Extract invoice data from PDFs in Python: a complete guide for AP automation

TL;DRHow to extract invoice data from PDFs in Python. Benchmarks on 1,200 real invoices, production code for field extraction, and a working AP automation pipeline.

Direct answer: Use pdfmux with extract_fields() to pull structured data from invoice PDFs. It extracts 7 standard invoice fields at 94–98% field-level accuracy on digital invoices and 84–91% on scanned invoices — CPU-only, no API keys, no per-page cost. Install: pip install pdfmux. For AP automation at volume, combine field extraction with confidence filtering: auto-approve high-confidence batches, route low-confidence pages to human review.

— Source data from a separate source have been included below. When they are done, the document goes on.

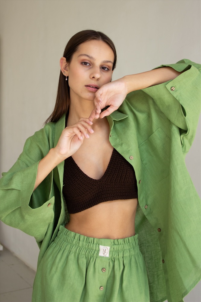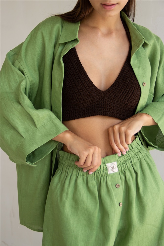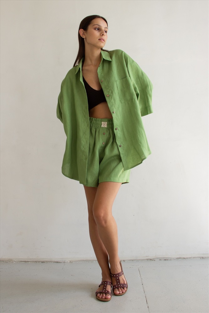 Костюм лён  SET019/05/Салатовый 5 фото
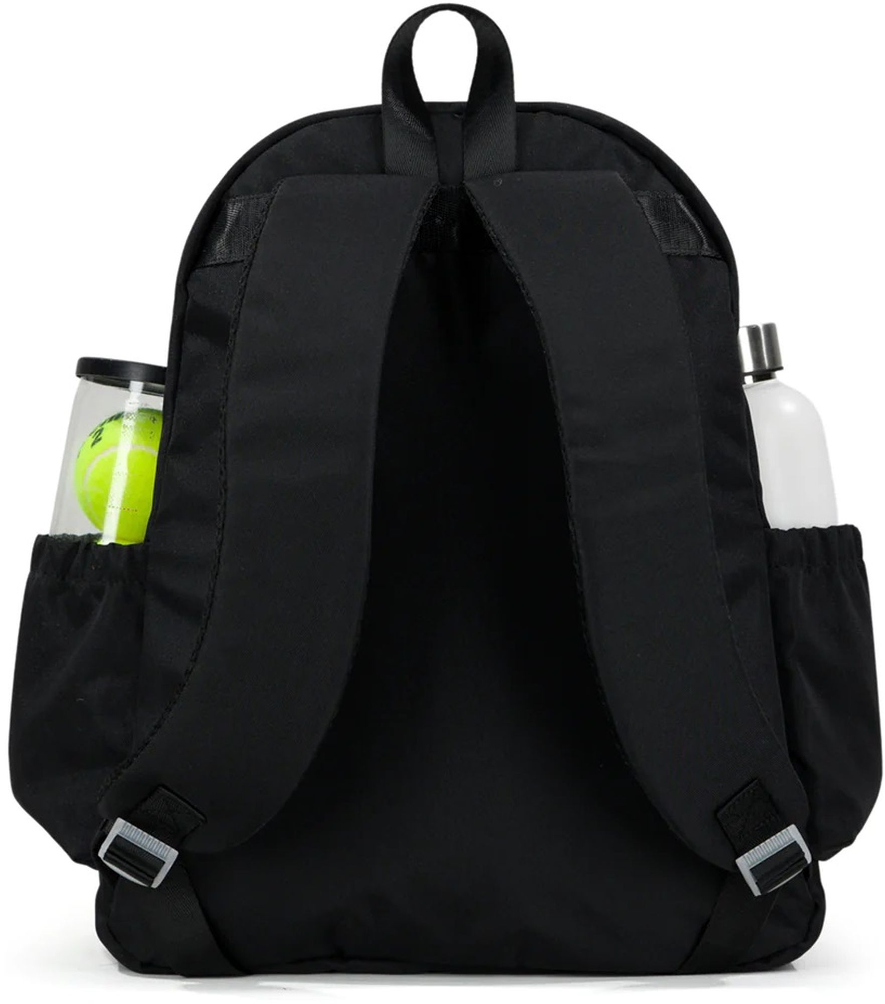 The Ame & Lulu Pickleball Time Backpack is made out of structured nylon with a paddle shaped pocket. This bag will keep you organized on and off the court.
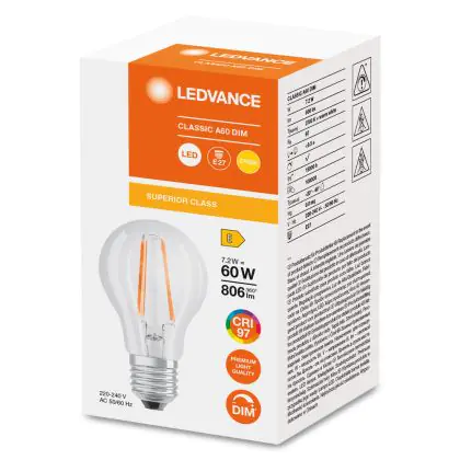 Ledvance Classic LED E27 Pear Filament Clear 7.2W 806lm - 927 Extra Warm White | Best Colour Rendering - Dimmable - Replaces 60W
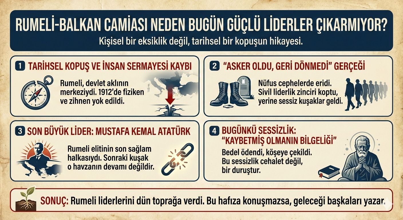 RUMELİ-BALKAN CAMİASI NEDEN BUGÜN GÜÇLÜ LİDERLER ÇIKARMIYOR? Bu soru kişisel eksiklikle değil, tarihsel kopuşla açıklanabilir. Rumeli ve Balkan coğrafyası, Osmanlı’nın yalnızca sınır hattı değil; devlet aklının, askerî kadronun ve bürokratik elitin ana üretim merkezlerinden biriydi. Ancak bu merkez bilinçli ya da bilinçsiz şekilde tüketildi.

Why invoice PDF extraction is harder than it looks

Invoices seem like a solved problem. They’re structured documents with consistent fields: vendor, date, amount, line items. In practice, they’re among the most structurally inconsistent documents in business workflows.

A typical accounts payable team at a mid-size company receives invoices from dozens or hundreds of vendors. Each vendor has its own template. Some are digital PDFs generated by accounting software. Some are scanned images — faxed or photographed on a phone. Some are bilingual. Some have tables with 40+ line items. Some have no formal table structure at all, just line items formatted as free text.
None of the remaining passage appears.